Multiple people have asked me these questions since the start of my project—my advisors, my peers, my friends—and I had not given the matter much thought until I was asked. How would I even answer whether or not drone operators name their drones? I do not know any drone operators.
The answer found me soon after. In an article published on The Intercept by Jeremy Scahill and Glenn Greenwald, the two speak with a Joint Special Operations Command (JSOC) ex-drone operator named Brandon Bryant about the NSA’s role in the US drone program. Bryant explains how Predator and Reaper drones are often given nicknames, including “Lightning” and “Sky Raider,” and then clarifies that the “Sky Raider” is also referred to as “Sky Raper.” He says it is “‘because it killed a lot of people.’ When operators were assigned to ‘Sky Raper,’…it meant that somebody was going to die.’”
I have heard the term “rape” used as slang to imply that someone was going to put forth great effort to defeat or accomplish a task. I first think of the nickname in this context. By nicknaming a drone “Sky Raper,” operators—who are actors of the State—own the use of rape for domination and to defeat a target, while simultaneously participating in the normalization of rape as a larger systemic issue. The drone that takes this name is literally a weapon of war, operated by US persons in the War on Terror.
Nevertheless, we must keep in mind that rape is pervasive both within the US military and within US society, but also that sexual violence has been used by US persons in this war and as a tactic of power in prisons, such as Abu Ghraib. Not only are operators suggesting that it is appropriate to use rape as a weapon against individuals in a time of war, they are also making light of sexual violence more generally.

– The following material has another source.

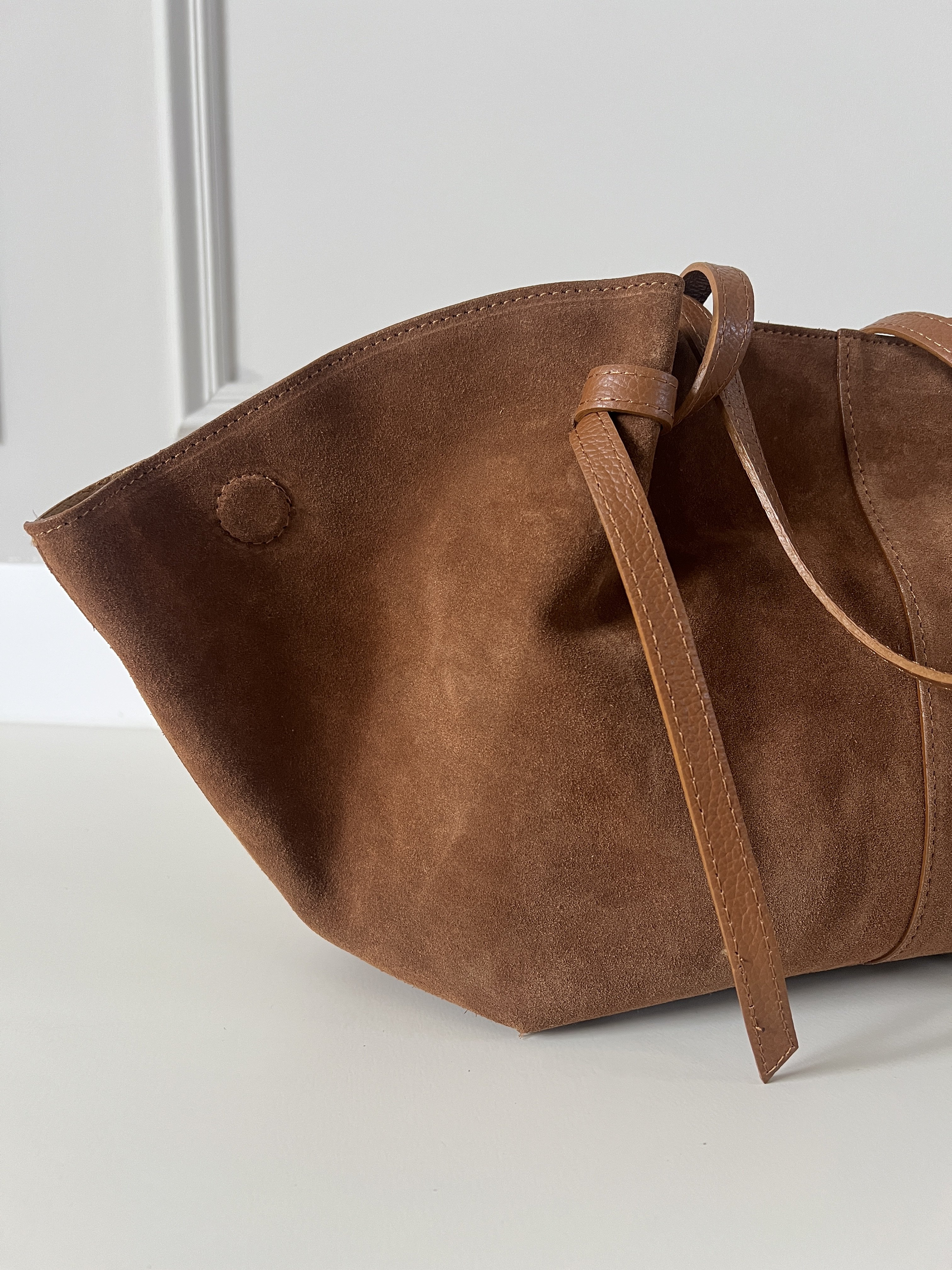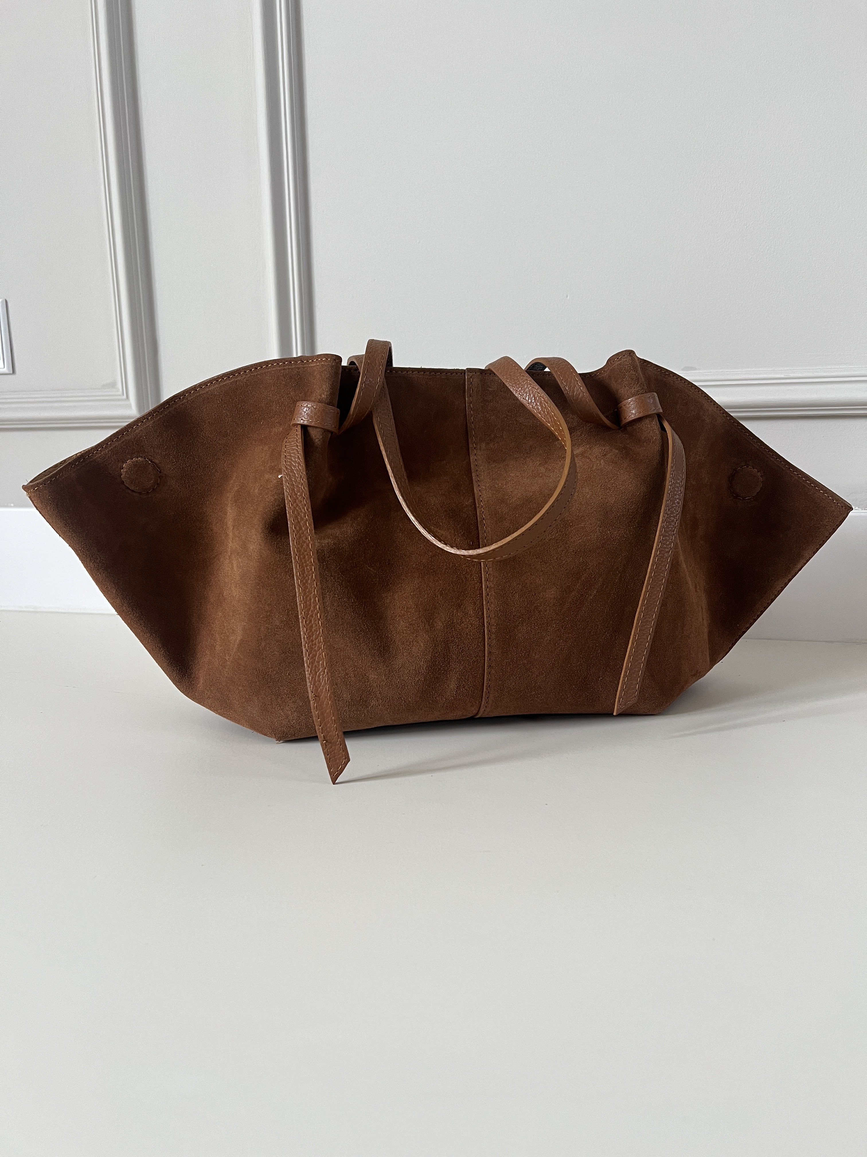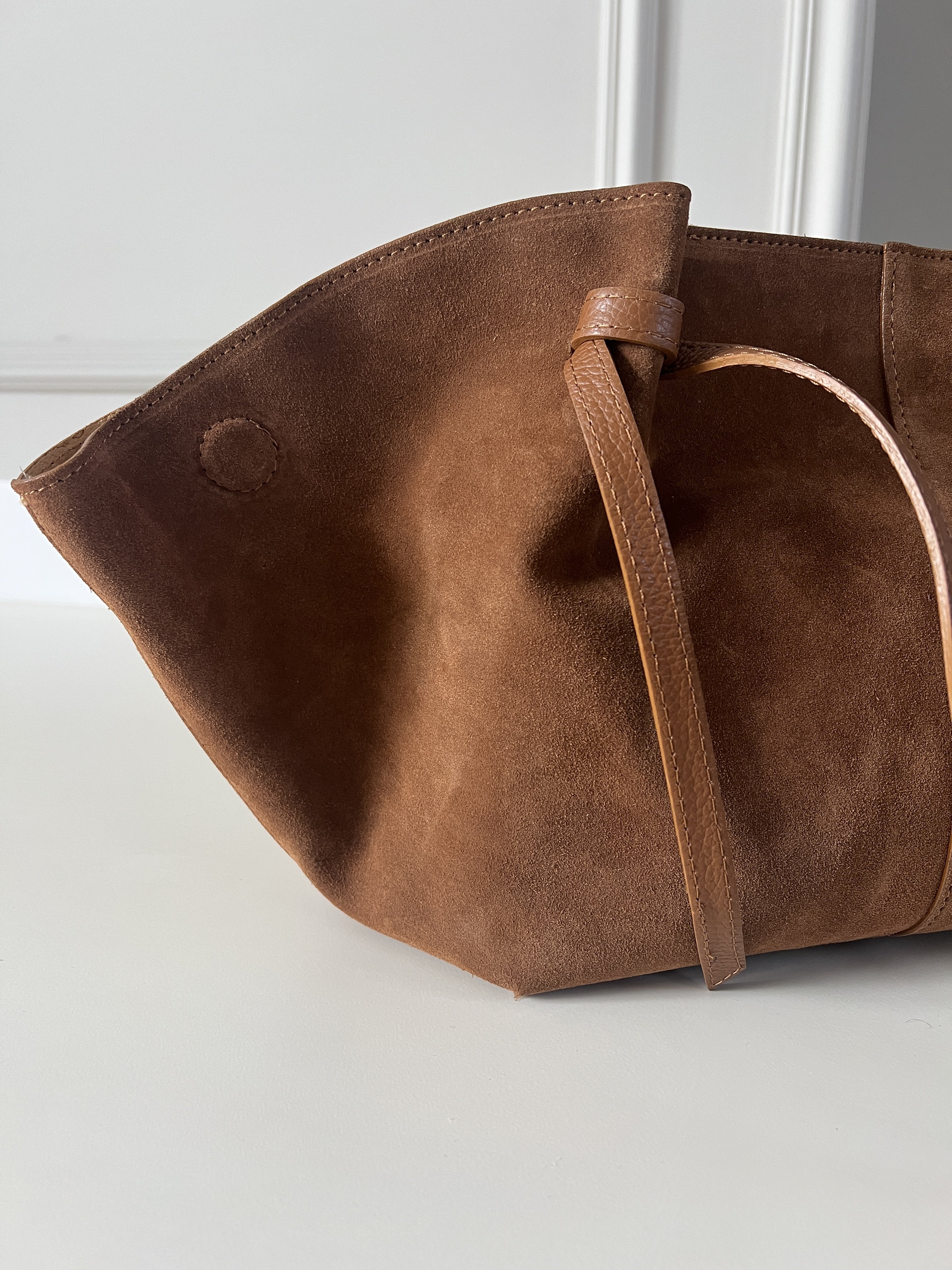 Semišová kabelka so zaujímavými doplnkami a bočným magnetom ktorý slúži na zmenu veľkosti kabelky. Kabelka má vnútri kapsu so zipsom. Kabelka je kožená, čo znamená, že pevne drží svoj tvar.

Based on a Department of Defense report on sexual violence, Time wrote that in fiscal year 2014 there were 5,983 reported sexual assaults within the US military, though only an estimated 25 percent of victims filed complaints. These numbers prove a serious issue. Further, each year there are roughly 293,000 victims of sexual assault in the United States, while only 32 percent of assaults are reported. These numbers alone should alert you to a problem of sexual violence in this country. The sexual domination of women, men, and gender non-conforming individuals alike is a pervasive problem within the patriarchal structure of the US.
Sexual violence has been used as a tool of war for centuries, from Antiquity to the start of the colonial era to the War on Terror. It is a mechanism of asserting power and dominance over the body of a precarious Other. While sexual violence has historically been associated with fear of the hypersexualized black or brown male—a racial and sexual monster of the 18th and 19th centuries—we must consider this same racialization and sexualization of brown-skinned men as part of the sexually aggressive white patriarchal response of the United States since 2001.

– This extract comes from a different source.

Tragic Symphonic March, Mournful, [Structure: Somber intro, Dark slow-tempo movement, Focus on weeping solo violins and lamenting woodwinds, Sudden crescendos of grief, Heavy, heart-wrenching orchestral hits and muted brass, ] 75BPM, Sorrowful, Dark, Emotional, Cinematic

In fact, immediately following 9/11, posters depicted Osama bin Laden being anally penetrated by the Empire State Building with the caption, “The Empire Strikes Back… So you like skyscrapers, huh, bitch?”. Cultural critics Jasbir Puar and Amit Rai explain how “the US state, having experienced castration and penetration of its capitalist masculinity, offers up narratives of emasculation as appropriate punishment for bin Laden, brown-skinned folks, and men in turbans.” The link between this sexually violent response and the name “Sky Raper” is important to remember, especially when “Sky Raper” is used to describe a weaponized drone that kills a lot of brown people.
Puar and Rai attribute this sexually violent response to the 9/11 attacks to a constructed psyche of the terrorist as one of failed heterosexuality, thus prompting a response of aggressive heterosexual patriotism. In other words, by describing the attacks on 9/11 as an unwanted penetration of an American capitalist masculinity—or a sexual violation—the US must respond with a militarized hypermasculinity.

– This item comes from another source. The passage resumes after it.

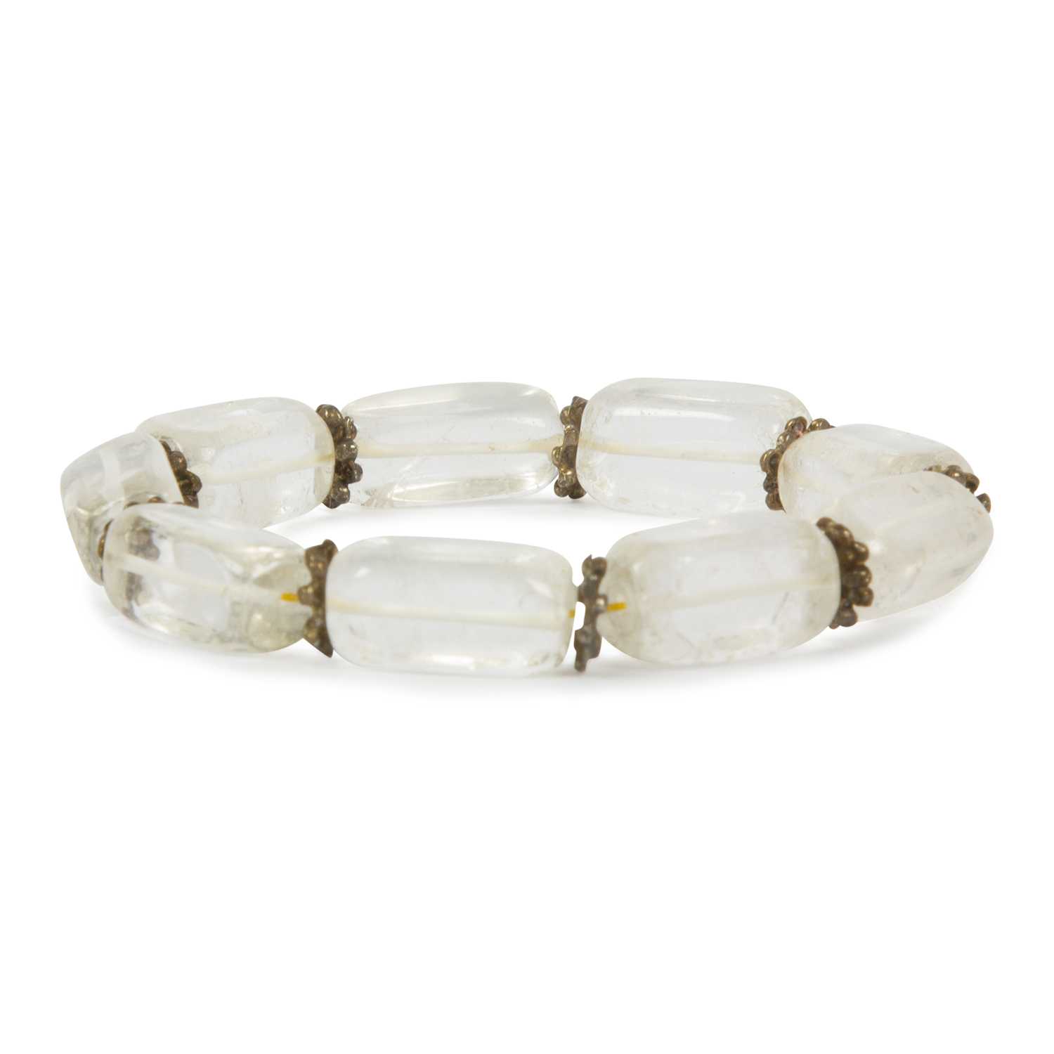 Avika Natural Clear Quartz Cuboid Tumble Gemstone With Metal Ring Bracelet (Pack of 1 Pc.) is a bracelet having high resonating vibrations which connects you with your ethric body. Clear Quartz Crystals are some of the most common types of crystal on the planet. Although they are called 'clear quartz', they range from crystal clear stone through to milky or cloudy, almost opaque crystals. Clear Quartz is known as the "master healer" and will amplify energy and thought, as well as the effect of other crystals. They are also known as rock crystals, they have a very strong vibration and excellent metaphysical properties, and are the easiest crystals to program, which may used for a variety of purposes. This is why they are utilized in industry and are used to make silicon chips for computers and radios and other man made devices, many of these stones have a very high vibration.

Puar explains then that the sentiments of US victimhood after the attacks were “attached to gendered, sexualized, and racial codings of [the body of the monster-terrorist as queer.]” Within this narrative, the US must retaliate to the attack on its capitalist masculinity by emasculating the terrorist—whose failed psyche is essentially tied to queerness as sexual deviancy—and “turn him into a fag.”
I want to make the existing gendered, sexualized and racial codings of brown skinned people clearer with the example of sexual violence against prisoners held at Abu Ghraib Prison. After the US invaded Iraq in 2003, Amnesty International published a report documenting abuses—including sexual violence such as rape and sodomy—by the US military at Abu Ghraib. Photos were later widely disseminated displaying naked men piled on top of each other, or forced to perform sexual acts on one another in front of American military police. These men were emasculated in the process of their sexual humiliation.
These actions of rape, sodomy, and forcing individuals to perform sexual acts on one another illustrate the use of sexual violence for patriarchal domination of other people. These abusive acts also serve to demonstrate exactly what Puar and Rai discuss as the othering and quarantining of subjects classified as “terrorists” and the queerness (as sexual deviancy) that is tied to the terrorist figure as a mechanism to weaken the terrorist subject.
To bring this back to the “Sky Raper,” consider the drone as operating as a tool for sexual abuse of brown skinned people within the institution of the Global War on Terror. The Predator or Reaper to which this nickname is given represents and can be physically characterized as the “white Western phallic power” that Puar and Rai describe. The drone is a tool used by the US—with a distance between the operator and the target, which enforces the power of the West—to ultimately emasculate and sexually violate the quarantined (due to geographic distance) gendered, sexualized, and racialized terrorist-monster.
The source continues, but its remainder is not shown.